→ **Work instruction**
What you return should be the lines from the one with "of music reproduction." through the one with "Existing Front Elevation. 1 : 100" in the data below, reproduced exactly with both ends, and no pictures at all.

(Records from a dataset)
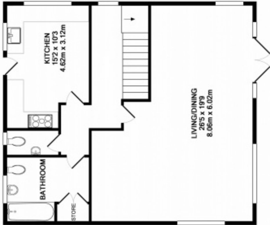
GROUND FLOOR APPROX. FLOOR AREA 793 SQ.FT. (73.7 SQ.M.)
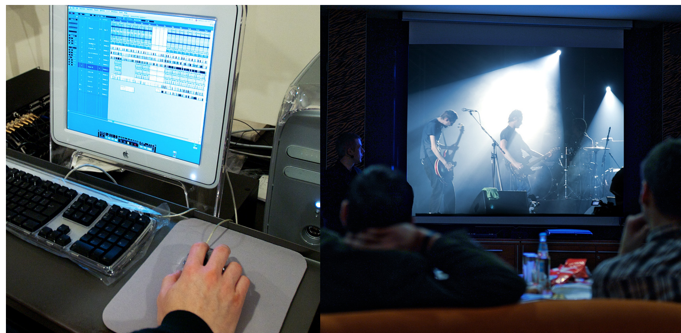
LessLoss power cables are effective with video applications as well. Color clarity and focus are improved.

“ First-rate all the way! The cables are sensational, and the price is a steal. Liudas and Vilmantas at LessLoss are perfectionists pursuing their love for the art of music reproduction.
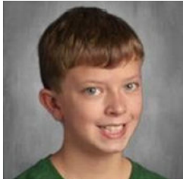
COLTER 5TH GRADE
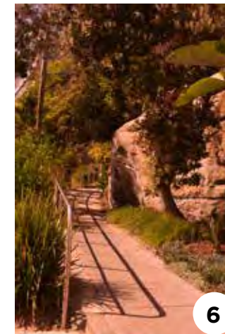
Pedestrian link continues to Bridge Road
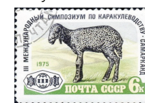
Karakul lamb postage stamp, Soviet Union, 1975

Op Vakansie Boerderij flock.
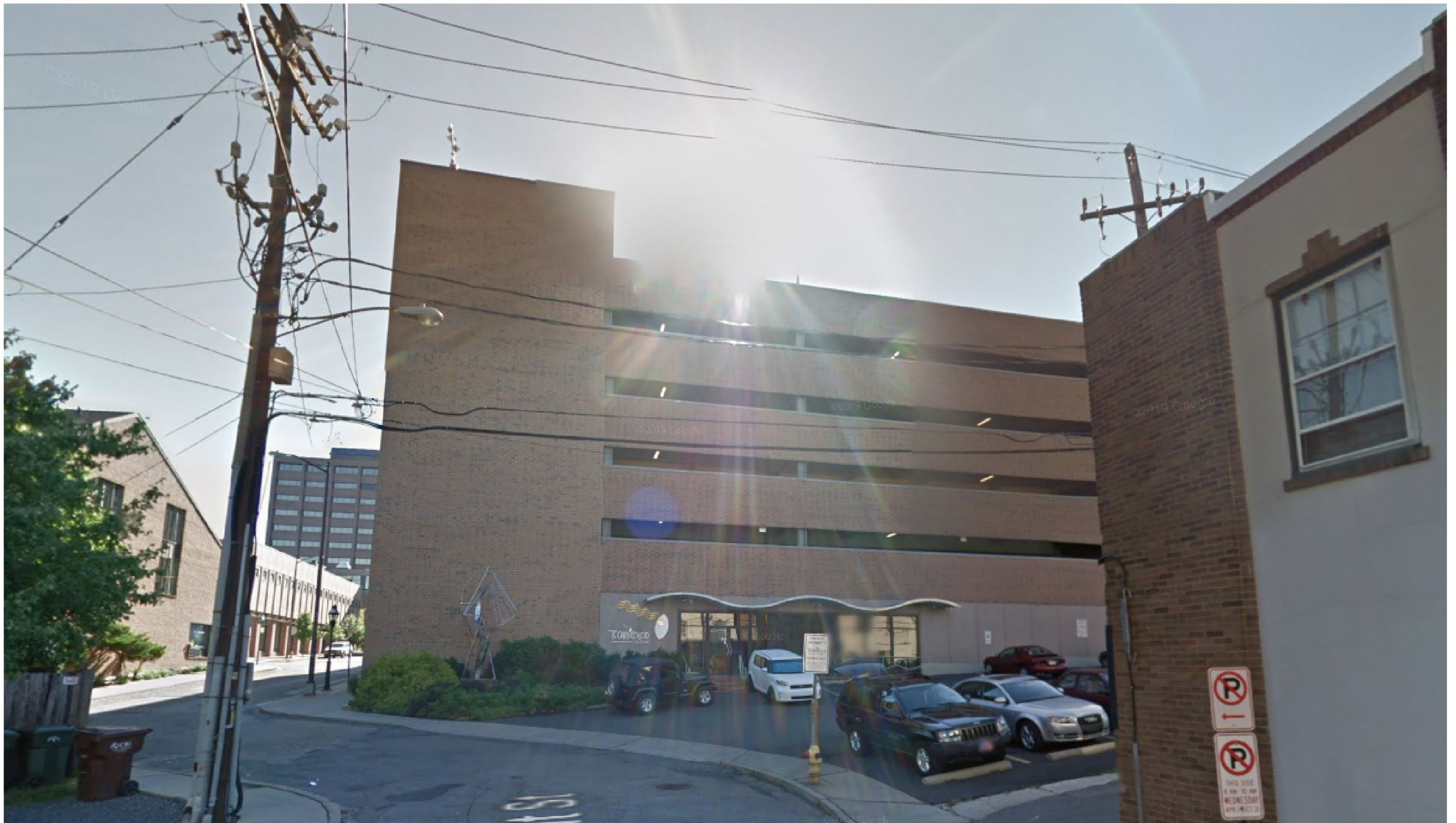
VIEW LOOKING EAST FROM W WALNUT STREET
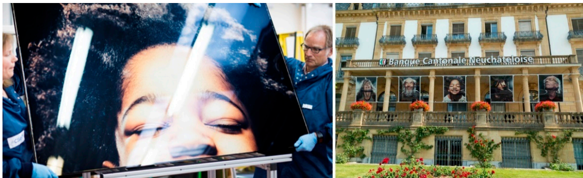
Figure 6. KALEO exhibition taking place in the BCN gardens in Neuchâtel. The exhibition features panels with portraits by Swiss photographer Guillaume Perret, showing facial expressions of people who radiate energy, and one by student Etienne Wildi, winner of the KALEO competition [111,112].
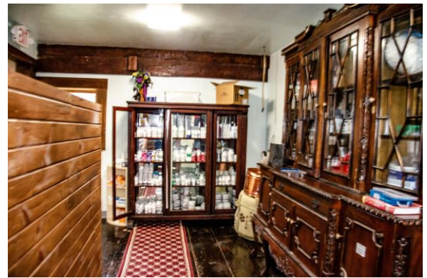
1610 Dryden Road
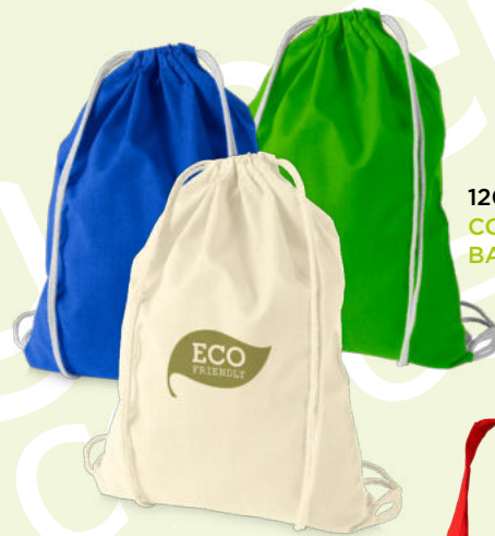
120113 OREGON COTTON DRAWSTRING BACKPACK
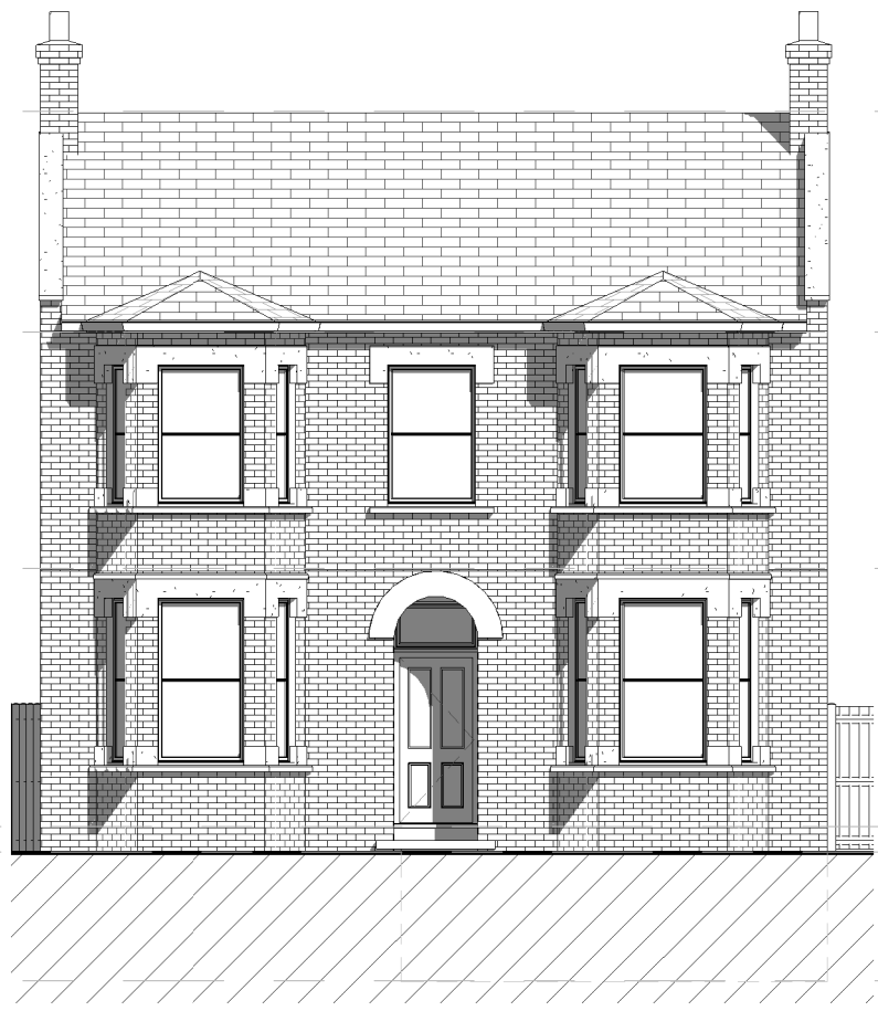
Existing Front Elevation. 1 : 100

---

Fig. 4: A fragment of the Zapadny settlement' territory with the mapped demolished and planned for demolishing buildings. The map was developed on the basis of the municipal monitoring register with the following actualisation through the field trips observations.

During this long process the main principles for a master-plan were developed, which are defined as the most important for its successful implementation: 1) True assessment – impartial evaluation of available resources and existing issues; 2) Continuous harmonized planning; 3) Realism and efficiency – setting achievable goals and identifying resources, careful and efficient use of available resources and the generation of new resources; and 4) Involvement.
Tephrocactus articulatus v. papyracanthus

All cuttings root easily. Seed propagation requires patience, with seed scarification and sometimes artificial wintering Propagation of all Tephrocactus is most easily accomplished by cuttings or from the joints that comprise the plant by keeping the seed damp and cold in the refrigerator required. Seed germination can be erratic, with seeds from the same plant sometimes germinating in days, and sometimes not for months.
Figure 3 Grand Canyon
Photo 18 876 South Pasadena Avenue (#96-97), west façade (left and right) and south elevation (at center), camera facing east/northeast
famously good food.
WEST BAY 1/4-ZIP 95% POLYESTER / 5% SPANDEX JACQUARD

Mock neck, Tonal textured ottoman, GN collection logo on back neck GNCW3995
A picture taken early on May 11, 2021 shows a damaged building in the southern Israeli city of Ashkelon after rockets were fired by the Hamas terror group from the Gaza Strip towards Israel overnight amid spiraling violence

→ **Reply to the exercise**
“ First-rate all the way! The cables are sensational, and the price is a steal. Liudas and Vilmantas at LessLoss are perfectionists pursuing their love for the art of music reproduction.
COLTER 5TH GRADE
Pedestrian link continues to Bridge Road
Karakul lamb postage stamp, Soviet Union, 1975

Op Vakansie Boerderij flock.
VIEW LOOKING EAST FROM W WALNUT STREET
Figure 6. KALEO exhibition taking place in the BCN gardens in Neuchâtel. The exhibition features panels with portraits by Swiss photographer Guillaume Perret, showing facial expressions of people who radiate energy, and one by student Etienne Wildi, winner of the KALEO competition [111,112].
1610 Dryden Road
120113 OREGON COTTON DRAWSTRING BACKPACK
Existing Front Elevation. 1 : 100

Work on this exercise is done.